I have made some testing with PyParsing but I really don't know how to use it, My output file is being created but it's coming out blank
I think I can't share the syslog, so here a very rough example on how the syslog looks like:
<140>1 2022-05-02T08:31:22.478Z platform dataexport - syslog_variation - {"key"=value, info:{"key"=value, "key"=value, "key"=value}, info2:{"key"=value, "key"=value},"key"=value}
The script that I have come up with:
from pyparsing import Word, Suppress, alphanums, CharsNotIn, ZeroOrMore, Dict
# Define header
priority = Suppress("<") + Word(alphanums) + Suppress(">")

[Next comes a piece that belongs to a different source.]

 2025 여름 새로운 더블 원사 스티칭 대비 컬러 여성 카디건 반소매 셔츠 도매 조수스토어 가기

version = Word(alphanums) + Suppress(" ")
timestamp = CharsNotIn(" ") + Suppress(" ")
hostname = CharsNotIn(" ") + Suppress(" ")
appname = CharsNotIn(" ") + Suppress(" ")

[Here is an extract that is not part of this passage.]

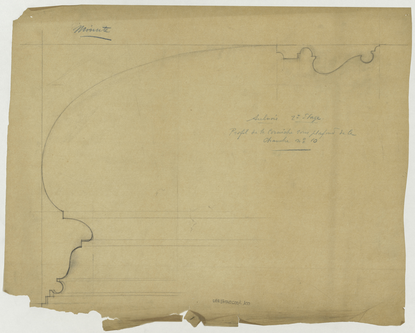 Chambre, profil de la corniche sous-plafond de la chambre numéro dix.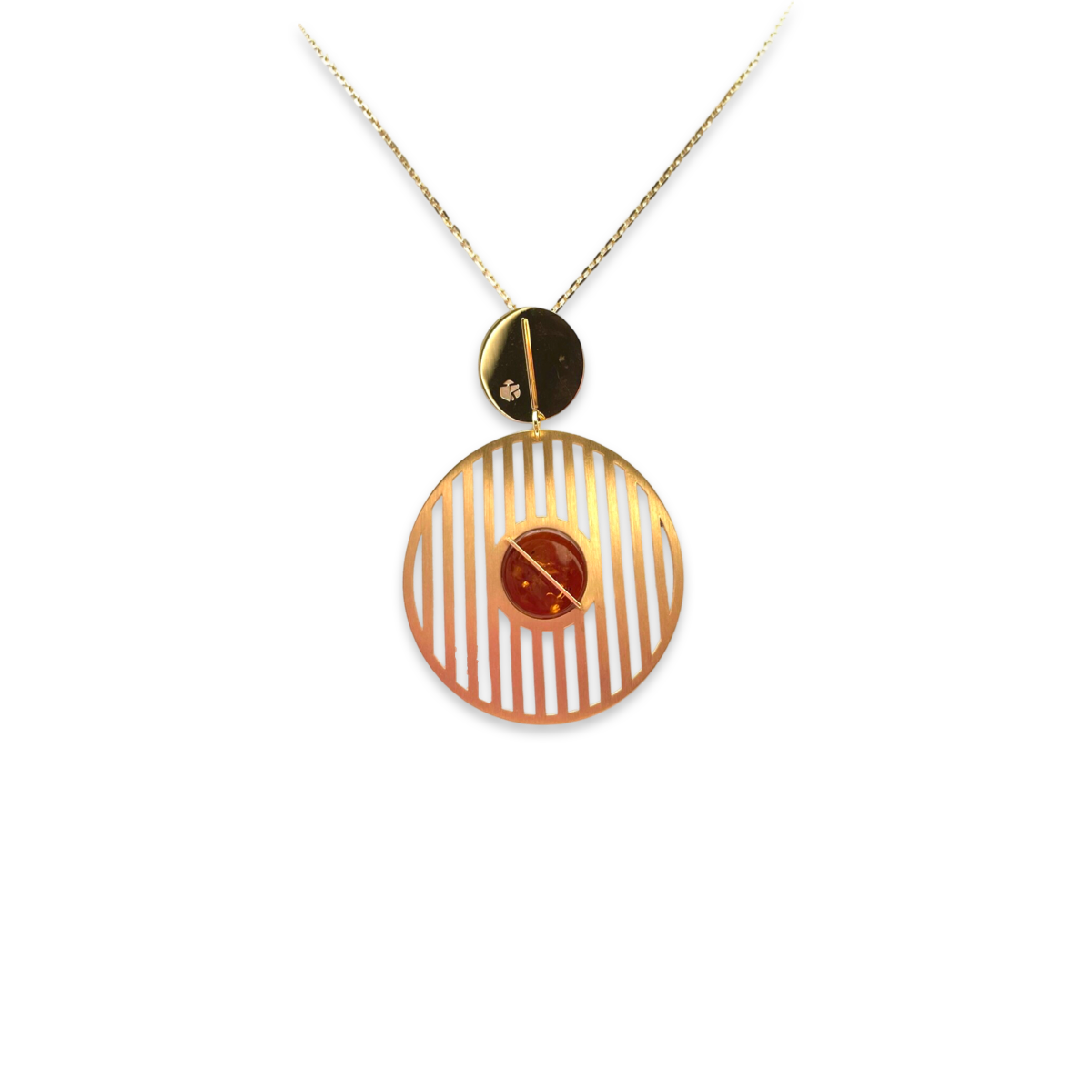 Diese goldbeschichtete Halskette mit rotem Bernstein ist ein schönes und elegantes Schmuckstück, das jedem Outfit einen Hauch von Raffinesse verleiht. Die Halskette verfügt über einen hochwertigen roten Bernstein, der in einem goldbeschichteten Anhänger gefasst ist.

procid = CharsNotIn(" ") + Suppress(" ")
msgid = CharsNotIn("\n")
header = priority + version + timestamp + hostname + appname + procid + msgid
# Define key-value pairs
key = Word(alphanums + "_")
value = CharsNotIn("\n")
pair = key + Suppress("=") + value
kv_pairs = Dict(pair + ZeroOrMore(Suppress(",") + pair))
# Define message format
message = header + Suppress(" ") + kv_pairs
# Open input and output files
with open("syslog.txt") as input_file, open("syslog_output.txt", "w") as output_file:
for line in input_file:
try:
# Convert to key-value format
parsed_message = message.parseString(line.strip())
kv_message = " ".join([f"{key}={value}" for key, value in parsed_message.items()])
# Write the message to the output file
output_file.write(parsed_message + "\n")
except Exception as e:
print(f"Failed to parse line: {line} with error: {e}")
continue
I get 2 Exceptions when I run the script and I printed the header
and message
outputs:
Failed to parse line: "Whole Syslog Text"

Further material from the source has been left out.